Nphet ‘did not communicate Covid models as well as necessary’ to ministers

Weeks later, Ireland had the world’s highest incidence of cases
Nphet ‘did not communicate Covid models as well as necessary’ to ministers

By Cate McCurry, PA

A public health expert has said he did not communicate Covid-19 models “as well as was necessary” to Government ministers, weeks before Ireland had the world’s highest incidence of cases.

Professor Philip Nolan, who was a key member of the advisory group assisting the Government in the battle against Covid-19, made the comments at the University of Limerick on Monday.

The former head of the National Public Health Emergency Team (Nphet)'s modelling group said that as health experts, “we need to be better at communicating the range of possibilities and uncertainties”.

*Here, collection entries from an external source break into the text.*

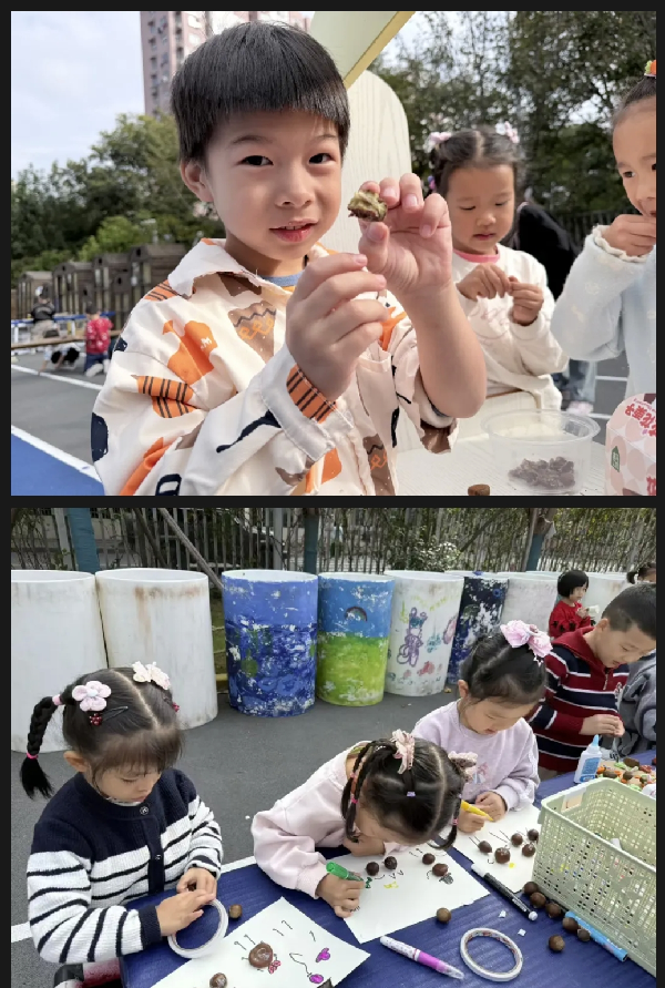 “哎呦,这个果子像个小刺猬!”月亮1班发现了一种叫“板栗”的宝贝!它外面毛毛的,里面光溜溜。孩子们看看它、摸摸它,还把它变成了好吃的和好玩的!
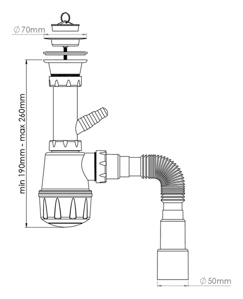 Сифон для умывальника / выход на слив от стиральной машины / большая бутылка отстойник / выход канализации Ø40/50
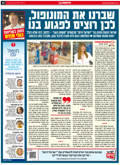 מעבר לכך קיימת הקביעה השקרית של ישראל איום, כאילו הם באו "לשבור את המונופול של ידיעות". איזה מונופול בדיוק? זה שהיה לידיעות עם מעריב? זה שהיה לו עם הארץ? זה שהיה לו עם אצבעוני וסלעית? או אולי הקנוניה המשותפת עם פנדל ונאשה-סטרנה?
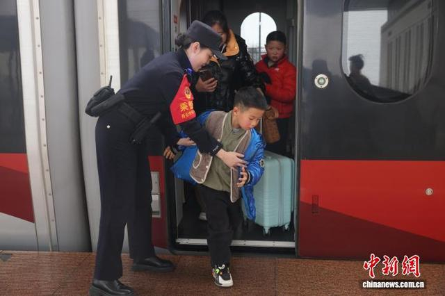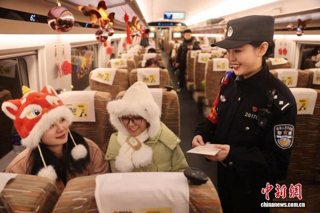 2026年1月1日,由横店火车站开往西安北火车站的G2026次列车上,西安铁路公安局西安公安处乘警支队“长安花”大队乘警李颖穿梭在人群中。列车进站时,她做好站台治安安全隐患排查,列车启动后,她又逐节车厢开展安全巡查,提醒旅客看管好随身行李,谨防财物丢失。面对旅客的各类咨询和求助,她始终耐心解答、倾力相助,帮老人提行李、为孩童寻座位、调解旅客间的小摩擦…… 一件件暖心小事,让元旦假期的旅途洋溢着温情。同时,她还结合典型案例,向旅客普及反诈防骗、防盗防扒等安全知识,用通俗易懂的语言筑牢旅客的安全防线。图为乘警李颖疏导客流。张鑫 摄
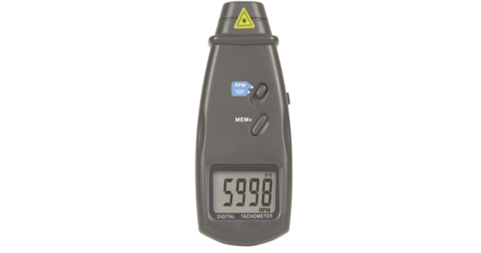 *5 Digit *99,999 RPM This easy-to-use hand held digital tachometer measures up to 99,999 RPM and features a large LCD display, laser pointer, low battery indicator, and memory recall for the last displayed value, minimum value, and maximum value. It can also be switched to measure either actual RPM or total revolutions. It also features a DC socket for mains power (5VDC at 50mA). Supplied with carry case and 600mm reflective tape marks, which can be cut to size. Features: • Display: 5 Digits, 16mm 0.7 LCD • Test range: 2.5 to 99,999 RPM • Resolution: 0.1RPM (2.5 - 999.9 RPM), 1RPM (over 1000PRM) • Sampling time: 0.5 sec (over 120RPM) • Range Select: Auto-Ranging • Detecting Distance: 50mm to 500mm • Time Base: Quartz Crystal • Operation Temp: 0 - 50°C

In January last year, Ireland’s rate of Covid-19 skyrocketed and was blamed on the lifting of restrictions over the Christmas period and the prevalence of the highly transmissible UK variant of the virus.

The Government, which was heavily criticised at the time, defended its decision to relax restrictions in December 2020, despite advice from Nphet warning against the move.

Prof Nolan, the Science Foundation Ireland director general, gave the keynote address at the event Learning from the Pandemic – the Power of Data in Public Health, taking place as part of UL Research Week.

'We made a couple of mistakes'

Prof Nolan said Nphet went to Cabinet and outlined what they thought would happen if the country were to open up over Christmas 2020.

“We made a couple of mistakes in presenting this slide. We were at 200 cases a day and falling and we were going in and saying, ‘look, things could go badly wrong here’,” he added.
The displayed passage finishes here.